** DATASET EXTRACT **
━━━━━━━━

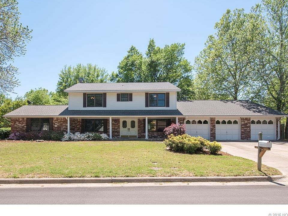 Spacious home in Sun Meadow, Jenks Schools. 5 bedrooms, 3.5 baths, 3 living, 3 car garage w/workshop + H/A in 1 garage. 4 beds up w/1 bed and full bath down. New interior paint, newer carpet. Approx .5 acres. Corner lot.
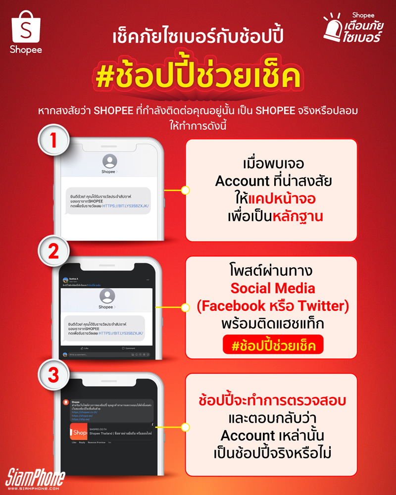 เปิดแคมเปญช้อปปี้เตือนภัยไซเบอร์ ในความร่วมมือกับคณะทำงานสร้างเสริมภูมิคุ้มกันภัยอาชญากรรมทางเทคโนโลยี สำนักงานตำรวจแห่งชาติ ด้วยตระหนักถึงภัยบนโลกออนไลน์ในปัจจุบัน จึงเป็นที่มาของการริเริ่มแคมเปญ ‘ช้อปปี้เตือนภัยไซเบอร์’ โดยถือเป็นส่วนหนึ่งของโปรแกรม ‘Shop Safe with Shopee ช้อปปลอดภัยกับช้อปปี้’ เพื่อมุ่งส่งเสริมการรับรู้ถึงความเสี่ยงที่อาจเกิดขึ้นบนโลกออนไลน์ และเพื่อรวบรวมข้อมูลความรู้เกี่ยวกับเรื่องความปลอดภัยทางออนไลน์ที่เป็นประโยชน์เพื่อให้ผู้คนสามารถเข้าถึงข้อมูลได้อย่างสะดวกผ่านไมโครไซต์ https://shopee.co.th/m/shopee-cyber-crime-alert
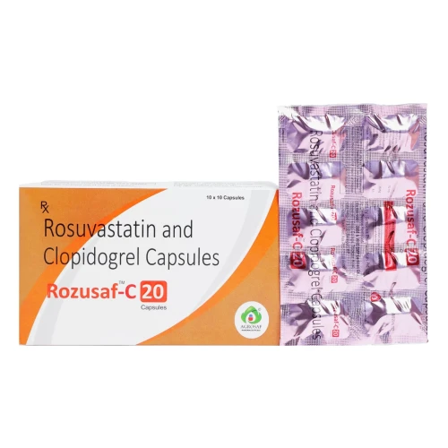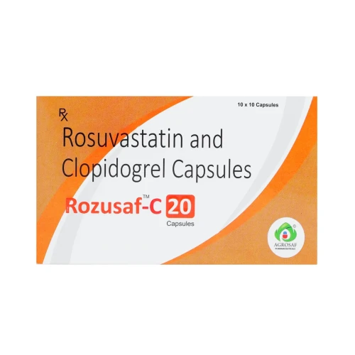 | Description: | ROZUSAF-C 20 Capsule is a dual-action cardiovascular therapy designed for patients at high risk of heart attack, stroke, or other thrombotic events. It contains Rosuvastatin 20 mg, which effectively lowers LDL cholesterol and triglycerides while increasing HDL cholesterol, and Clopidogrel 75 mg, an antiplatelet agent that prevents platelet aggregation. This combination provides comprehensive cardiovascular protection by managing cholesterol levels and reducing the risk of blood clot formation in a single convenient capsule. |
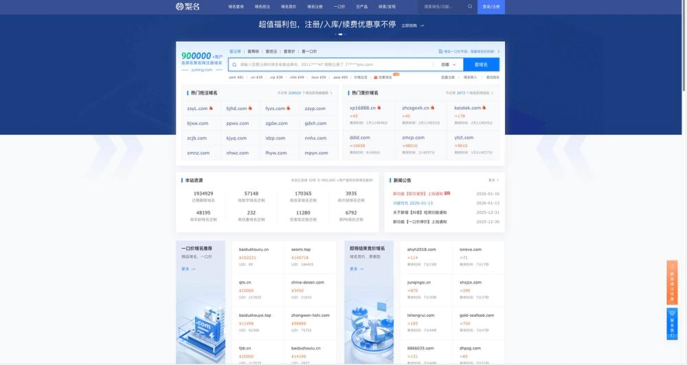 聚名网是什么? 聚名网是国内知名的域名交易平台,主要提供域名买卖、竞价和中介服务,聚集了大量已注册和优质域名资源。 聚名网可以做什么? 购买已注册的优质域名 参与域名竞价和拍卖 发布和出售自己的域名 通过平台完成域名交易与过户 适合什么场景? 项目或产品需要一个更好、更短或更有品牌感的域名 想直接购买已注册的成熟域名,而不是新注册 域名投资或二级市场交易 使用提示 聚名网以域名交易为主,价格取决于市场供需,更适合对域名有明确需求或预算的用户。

━━━━━━━━

** EXERCISE **
Leaving the images out, retype all the material above exactly.

** ANSWER TO THE PROBLEM **
 Spacious home in Sun Meadow, Jenks Schools. 5 bedrooms, 3.5 baths, 3 living, 3 car garage w/workshop + H/A in 1 garage. 4 beds up w/1 bed and full bath down. New interior paint, newer carpet. Approx .5 acres. Corner lot.
 เปิดแคมเปญช้อปปี้เตือนภัยไซเบอร์ ในความร่วมมือกับคณะทำงานสร้างเสริมภูมิคุ้มกันภัยอาชญากรรมทางเทคโนโลยี สำนักงานตำรวจแห่งชาติ ด้วยตระหนักถึงภัยบนโลกออนไลน์ในปัจจุบัน จึงเป็นที่มาของการริเริ่มแคมเปญ ‘ช้อปปี้เตือนภัยไซเบอร์’ โดยถือเป็นส่วนหนึ่งของโปรแกรม ‘Shop Safe with Shopee ช้อปปลอดภัยกับช้อปปี้’ เพื่อมุ่งส่งเสริมการรับรู้ถึงความเสี่ยงที่อาจเกิดขึ้นบนโลกออนไลน์ และเพื่อรวบรวมข้อมูลความรู้เกี่ยวกับเรื่องความปลอดภัยทางออนไลน์ที่เป็นประโยชน์เพื่อให้ผู้คนสามารถเข้าถึงข้อมูลได้อย่างสะดวกผ่านไมโครไซต์ https://shopee.co.th/m/shopee-cyber-crime-alert
 | Description: | ROZUSAF-C 20 Capsule is a dual-action cardiovascular therapy designed for patients at high risk of heart attack, stroke, or other thrombotic events. It contains Rosuvastatin 20 mg, which effectively lowers LDL cholesterol and triglycerides while increasing HDL cholesterol, and Clopidogrel 75 mg, an antiplatelet agent that prevents platelet aggregation. This combination provides comprehensive cardiovascular protection by managing cholesterol levels and reducing the risk of blood clot formation in a single convenient capsule. |
 聚名网是什么? 聚名网是国内知名的域名交易平台,主要提供域名买卖、竞价和中介服务,聚集了大量已注册和优质域名资源。 聚名网可以做什么? 购买已注册的优质域名 参与域名竞价和拍卖 发布和出售自己的域名 通过平台完成域名交易与过户 适合什么场景? 项目或产品需要一个更好、更短或更有品牌感的域名 想直接购买已注册的成熟域名,而不是新注册 域名投资或二级市场交易 使用提示 聚名网以域名交易为主,价格取决于市场供需,更适合对域名有明确需求或预算的用户。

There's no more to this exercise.